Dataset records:
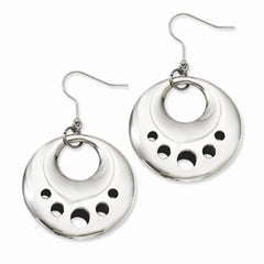 Stainle Steel Polished Circle Cut Out Dangle Earrings
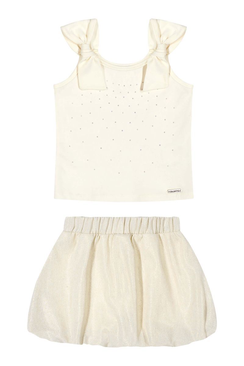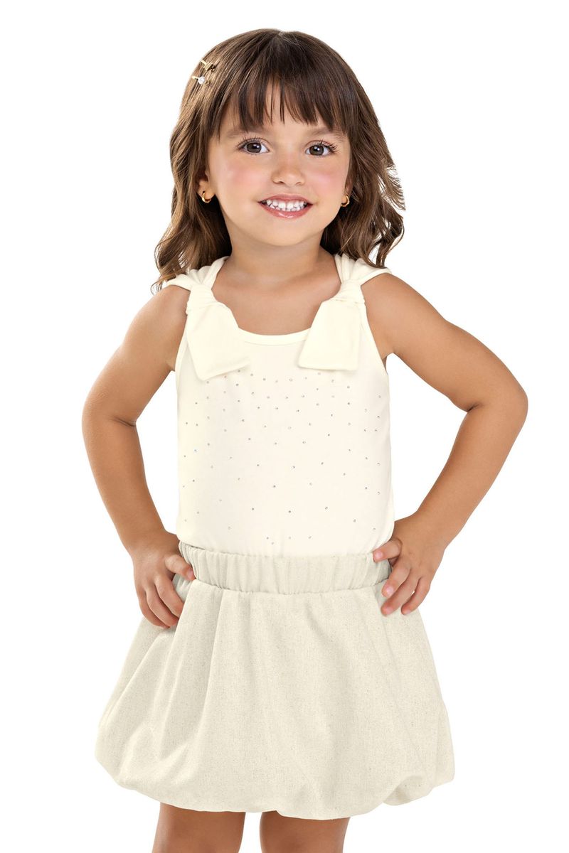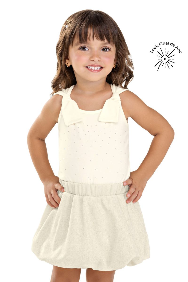 • Conjunto composto por regata e saia • Feito em cotton leve e tecido linho foil • Possui alças com laços • Detalhes em strass • Saia balonê com elástico no cós • Possui short interno • Possui acabamento cintilante • Ideal para ocasiões especiais
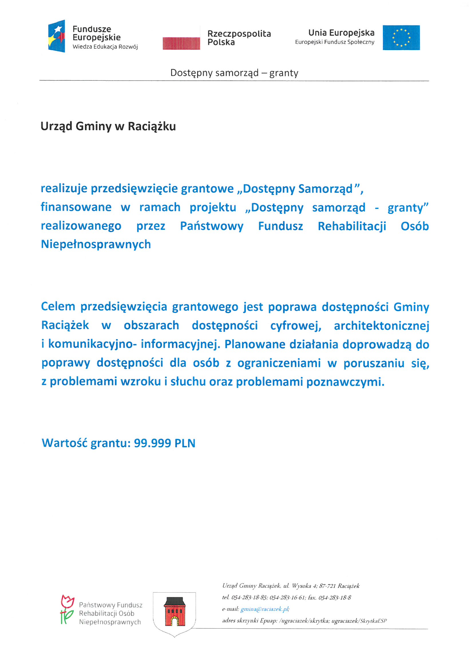 Projekt "Dostępny samorząd - granty realizowane przez Państwowy Fundusz Rehabilitacji Osób niepełnosprawnych"
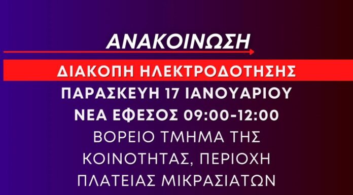 Σύμφωνα με ενημέρωση του ΔΕΔΔΗΕ αύριο Παρασκευή 17 Ιανουαρίου 2025 έχει προγραμματιστεί η ακόλουθη διακοπή στην ηλεκτροδότηση: ΝΕΑ ΕΦΕΣΟΣ 09:00-12:00 ΒΟΡΕΙΟ ΤΜΗΜΑ ΤΟΥ ΧΩΡΙΟΥ, ΠΕΡΙΟΧΗ ΤΗΣ ΠΛΑΤΕΙΑΣ...
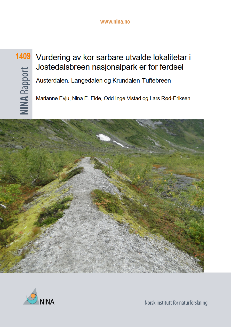 Kongeleg resolusjon Verneforskrift Forvaltningsplan Besøksstrategi Skjøtselsplanar Årsrapportar SNO Jostedalsbreen Brosjyrar Fagrapportar Briksdalen - en innfallsport til Jostedalsbreen nasjonalpark Bruken og brukarane av Jostedalsbreen nasjonalpark 2017 Bruk av vern av Jostedalsbreen nasjonalpark og Nigardsbreen naturreservat som turistattraksjon - Bacheloroppgåve 2021 Forprosjekt - Infrastruktur ved Bøyabreen Haugadalen – en innfallsport til Jostedalsbreen nasjonalpark Innfallsport Bøyadalen - Bacheloroppgåve 2014 Innfallsport Krundalen - Bacheloroppgåve 2013 Innfallsport Tjugen - Skåla - Bacheloroppgåve 2018 Innfallsprt Kjenndalen og Bødalen - Bachelor 2013 Kartlegging av kulturminne og landbruks- og næringsrelatert næring i randsona av Jostedalsbreen nasjonalpark Lunde - en innfallsport til Jostedalsbreen nasjonalpark - Bacheloroppgave 2020 Bestandstaksering av hekkefugl i Erdalen, Bødalen og Sunndalen i Stryn 2019 Restaurering av drifteveg mot Storesætra i Erdalen - 2016 Restaurering av drifteveg mot Sunndalssætra - 2016 Restaurering av patentrute, Kattanakken - 2018 Restaurering av stien opp Lundeskaret - rapport 2015 Restaurering av stien til Oldeskaret - rapport etter arbeidet 2014 og 2015 Restaurering av turrute, Flatsteinbu - rapport 2020 Restaurering av Keisar Wilhelms-sti, Briksdal - rapport med tilråding for tiltak - 2021 Restaurering av fem gamle ferdselsvegar i Jostedalsbreen nasjonalpark - 2012 Basiskartlegging i Jostedalsbreen nasjonalpark - Austerdalen, Langedalen og Sunndalen - 2018 Basiskartlegging i verneområde - Fåbergstølsgrandane - 2017 Innfallsport Sunndalen - Bacheloroppgåve - 2020 Innfallsport Supphelledalen - Bacheloroppgåve - 2020 Sårbarheitsvurdering - Austerdalen, Langedalen og Krundalen - Tuftebreen Sårbarheitsvurdering for ferdsel - Kattanakken, Oldeskaret og Sunndalen - 2018 Sårbarheitsvurdering for ferdsel - Skåla-Vesleskåla, Haugadalen og Bøyadalen - 2020 Tungestølen - En innfallsport til Jostedalsbreen nasjonalpark Plan for ny tursti Tungestølen - Nystølen - 2021 Kartlegging av fuglefaunaen ved Tungestølen, Veitastrond, 2021 Nesje A. - Geologiske verneverdiar i og rundt Jostedalsbreen nasjonalpark (2023) Rapport frå NiN-basiskartlegging av utvalgte verneområder i Vestland fylke, 2023 Sårbarheitsvurdering - Austerdalen, Langedalen og Krundalen - Tuftebreen Sårbarheitsvurdering - Austerdalen, Langedalen og Krundalen - Tuftebreen Last ned File icon PDF
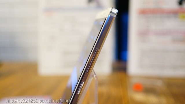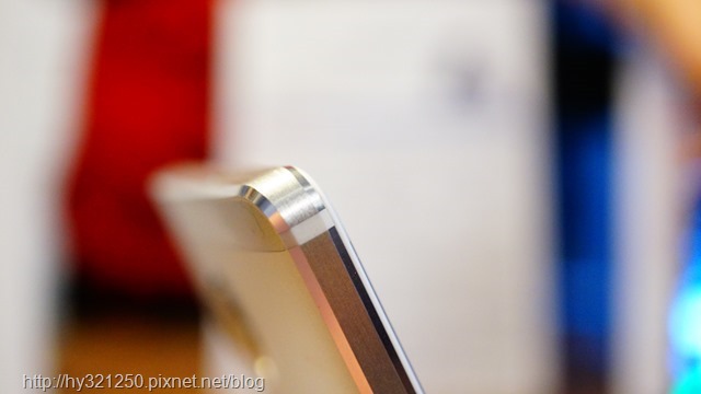 再近看一點,Mate 8側邊的金屬邊框除了削邊與四角採圓弧造型設計外,還使用髮絲紋增加手機質感。
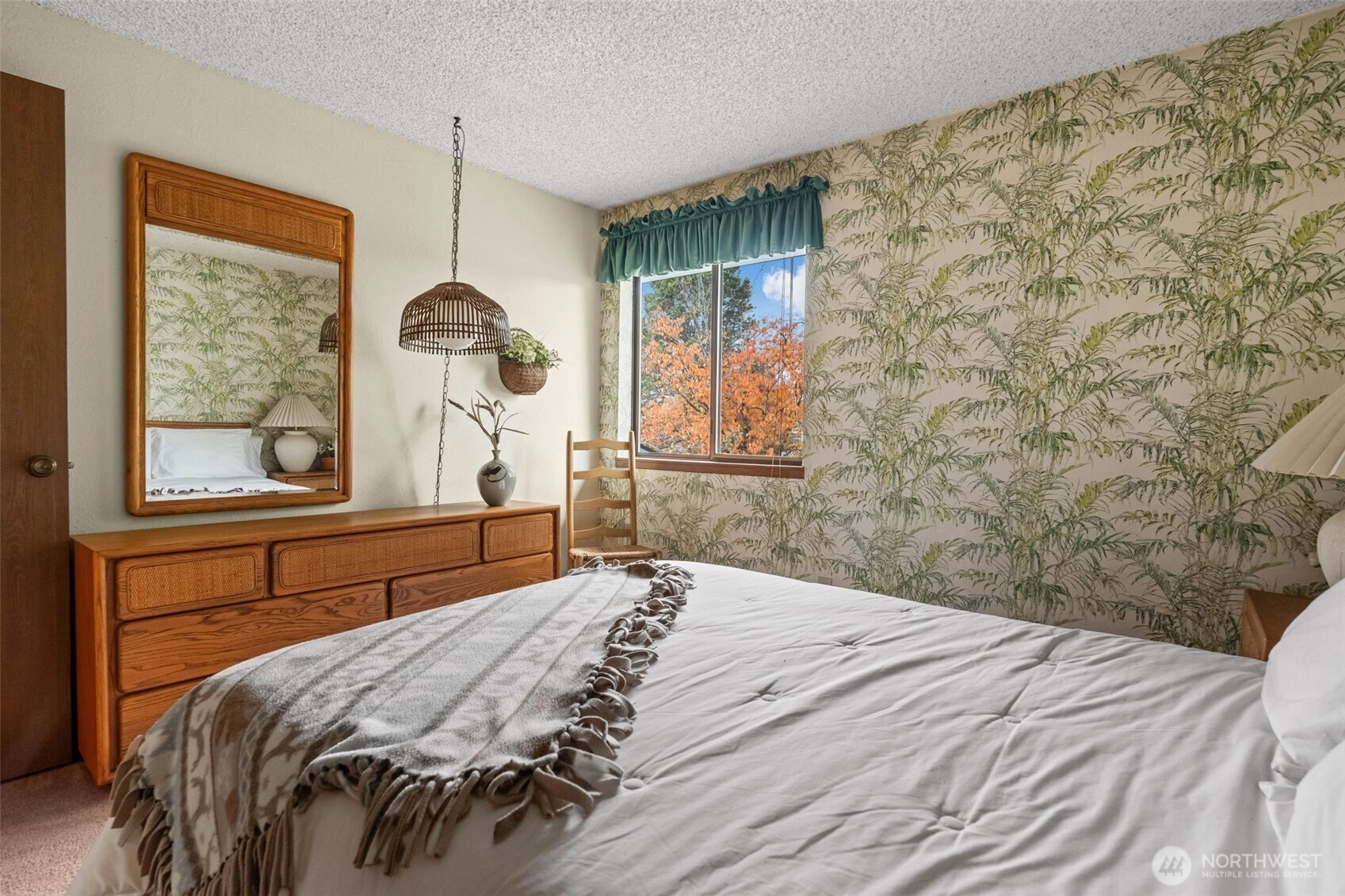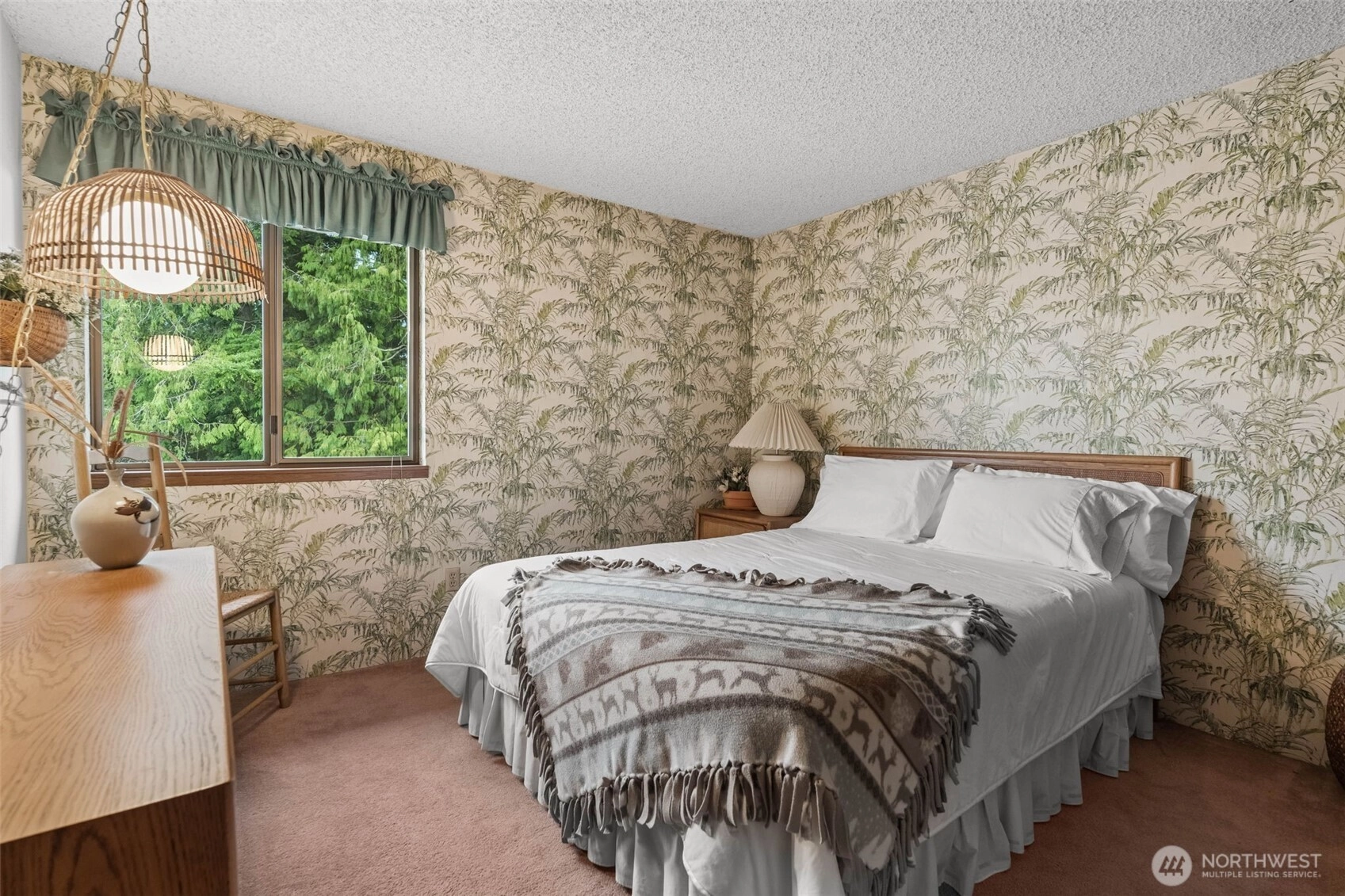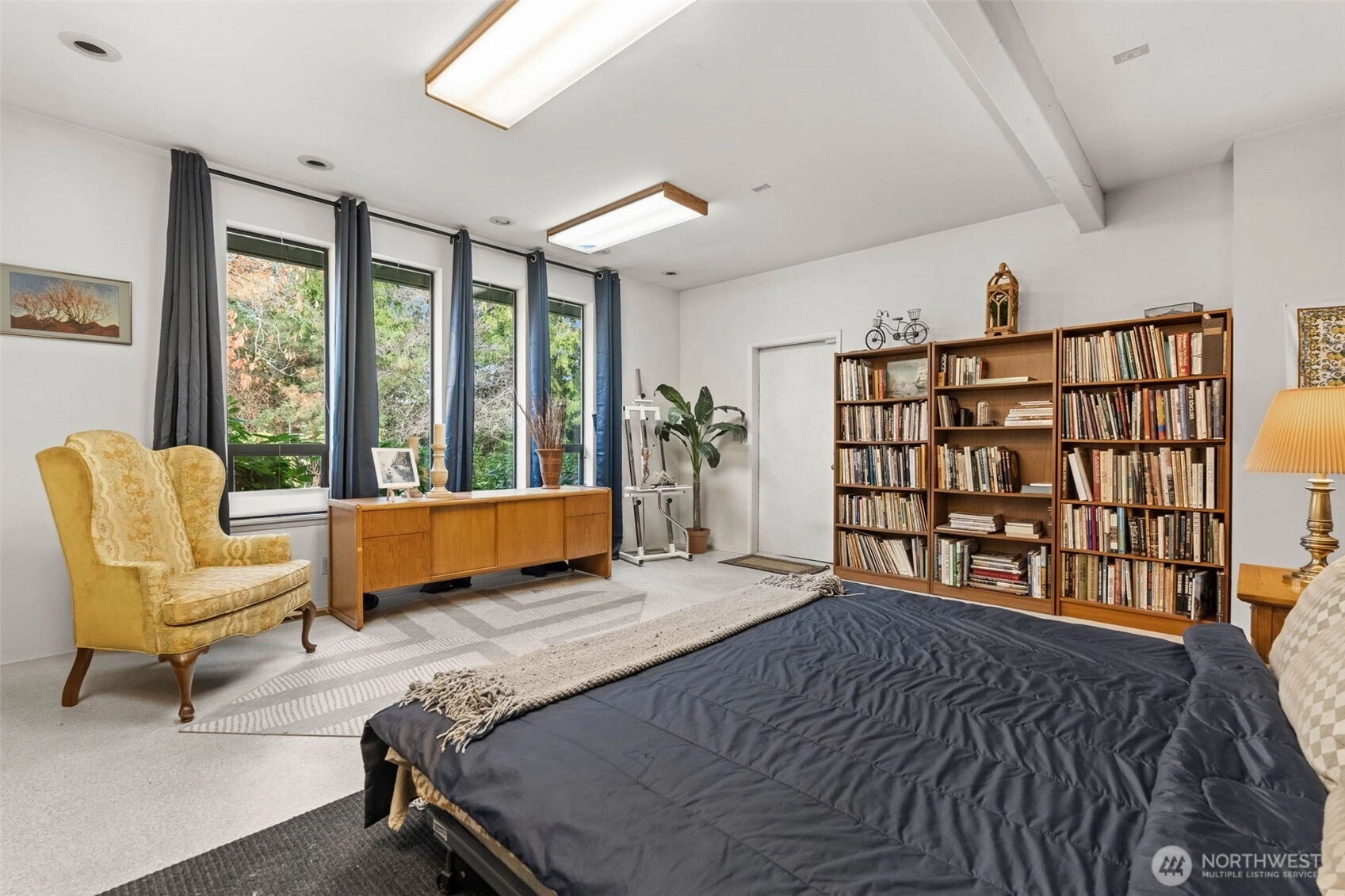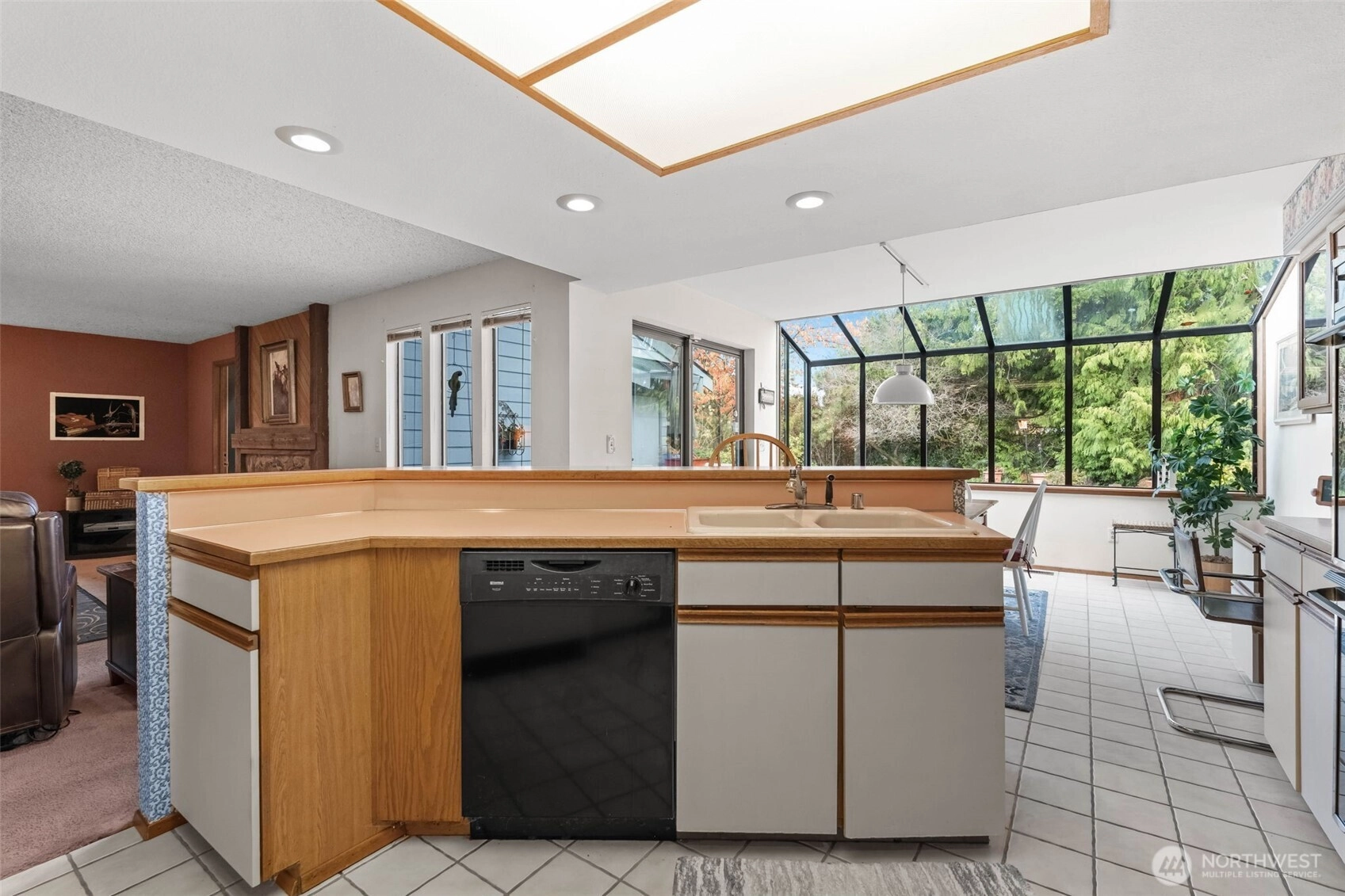 Discover the potential in this spacious NW Contemporary on a serene private lot. Light-filled main level offers a living room with fireplace and a bright sunroom off the kitchen. Upstairs features a large primary suite with walk-in closet and full bath, two additional bedrooms, full hall bath, and a loft-style den/office (possible 5th bedroom). Lower level includes a generous bedroom with separate backyard entrance, family room with second fireplace, and half bath—ideal for multi-gen living. Large backyard with deck offers great space for entertaining/gardening. Major updates include new water line, furnace, water heater, and a 3-yr old roof. Prime location near I-5, I-405, and Sea-Tac Airport. Bring your vision and make this home shine!

The task: An exact transcription of all the entries is required, without the pictures.

Task answer:
 Stainle Steel Polished Circle Cut Out Dangle Earrings
 • Conjunto composto por regata e saia • Feito em cotton leve e tecido linho foil • Possui alças com laços • Detalhes em strass • Saia balonê com elástico no cós • Possui short interno • Possui acabamento cintilante • Ideal para ocasiões especiais
 Projekt "Dostępny samorząd - granty realizowane przez Państwowy Fundusz Rehabilitacji Osób niepełnosprawnych"
 Σύμφωνα με ενημέρωση του ΔΕΔΔΗΕ αύριο Παρασκευή 17 Ιανουαρίου 2025 έχει προγραμματιστεί η ακόλουθη διακοπή στην ηλεκτροδότηση: ΝΕΑ ΕΦΕΣΟΣ 09:00-12:00 ΒΟΡΕΙΟ ΤΜΗΜΑ ΤΟΥ ΧΩΡΙΟΥ, ΠΕΡΙΟΧΗ ΤΗΣ ΠΛΑΤΕΙΑΣ...
 Kongeleg resolusjon Verneforskrift Forvaltningsplan Besøksstrategi Skjøtselsplanar Årsrapportar SNO Jostedalsbreen Brosjyrar Fagrapportar Briksdalen - en innfallsport til Jostedalsbreen nasjonalpark Bruken og brukarane av Jostedalsbreen nasjonalpark 2017 Bruk av vern av Jostedalsbreen nasjonalpark og Nigardsbreen naturreservat som turistattraksjon - Bacheloroppgåve 2021 Forprosjekt - Infrastruktur ved Bøyabreen Haugadalen – en innfallsport til Jostedalsbreen nasjonalpark Innfallsport Bøyadalen - Bacheloroppgåve 2014 Innfallsport Krundalen - Bacheloroppgåve 2013 Innfallsport Tjugen - Skåla - Bacheloroppgåve 2018 Innfallsprt Kjenndalen og Bødalen - Bachelor 2013 Kartlegging av kulturminne og landbruks- og næringsrelatert næring i randsona av Jostedalsbreen nasjonalpark Lunde - en innfallsport til Jostedalsbreen nasjonalpark - Bacheloroppgave 2020 Bestandstaksering av hekkefugl i Erdalen, Bødalen og Sunndalen i Stryn 2019 Restaurering av drifteveg mot Storesætra i Erdalen - 2016 Restaurering av drifteveg mot Sunndalssætra - 2016 Restaurering av patentrute, Kattanakken - 2018 Restaurering av stien opp Lundeskaret - rapport 2015 Restaurering av stien til Oldeskaret - rapport etter arbeidet 2014 og 2015 Restaurering av turrute, Flatsteinbu - rapport 2020 Restaurering av Keisar Wilhelms-sti, Briksdal - rapport med tilråding for tiltak - 2021 Restaurering av fem gamle ferdselsvegar i Jostedalsbreen nasjonalpark - 2012 Basiskartlegging i Jostedalsbreen nasjonalpark - Austerdalen, Langedalen og Sunndalen - 2018 Basiskartlegging i verneområde - Fåbergstølsgrandane - 2017 Innfallsport Sunndalen - Bacheloroppgåve - 2020 Innfallsport Supphelledalen - Bacheloroppgåve - 2020 Sårbarheitsvurdering - Austerdalen, Langedalen og Krundalen - Tuftebreen Sårbarheitsvurdering for ferdsel - Kattanakken, Oldeskaret og Sunndalen - 2018 Sårbarheitsvurdering for ferdsel - Skåla-Vesleskåla, Haugadalen og Bøyadalen - 2020 Tungestølen - En innfallsport til Jostedalsbreen nasjonalpark Plan for ny tursti Tungestølen - Nystølen - 2021 Kartlegging av fuglefaunaen ved Tungestølen, Veitastrond, 2021 Nesje A. - Geologiske verneverdiar i og rundt Jostedalsbreen nasjonalpark (2023) Rapport frå NiN-basiskartlegging av utvalgte verneområder i Vestland fylke, 2023 Sårbarheitsvurdering - Austerdalen, Langedalen og Krundalen - Tuftebreen Sårbarheitsvurdering - Austerdalen, Langedalen og Krundalen - Tuftebreen Last ned File icon PDF
 再近看一點,Mate 8側邊的金屬邊框除了削邊與四角採圓弧造型設計外,還使用髮絲紋增加手機質感。
 Discover the potential in this spacious NW Contemporary on a serene private lot. Light-filled main level offers a living room with fireplace and a bright sunroom off the kitchen. Upstairs features a large primary suite with walk-in closet and full bath, two additional bedrooms, full hall bath, and a loft-style den/office (possible 5th bedroom). Lower level includes a generous bedroom with separate backyard entrance, family room with second fireplace, and half bath—ideal for multi-gen living. Large backyard with deck offers great space for entertaining/gardening. Major updates include new water line, furnace, water heater, and a 3-yr old roof. Prime location near I-5, I-405, and Sea-Tac Airport. Bring your vision and make this home shine!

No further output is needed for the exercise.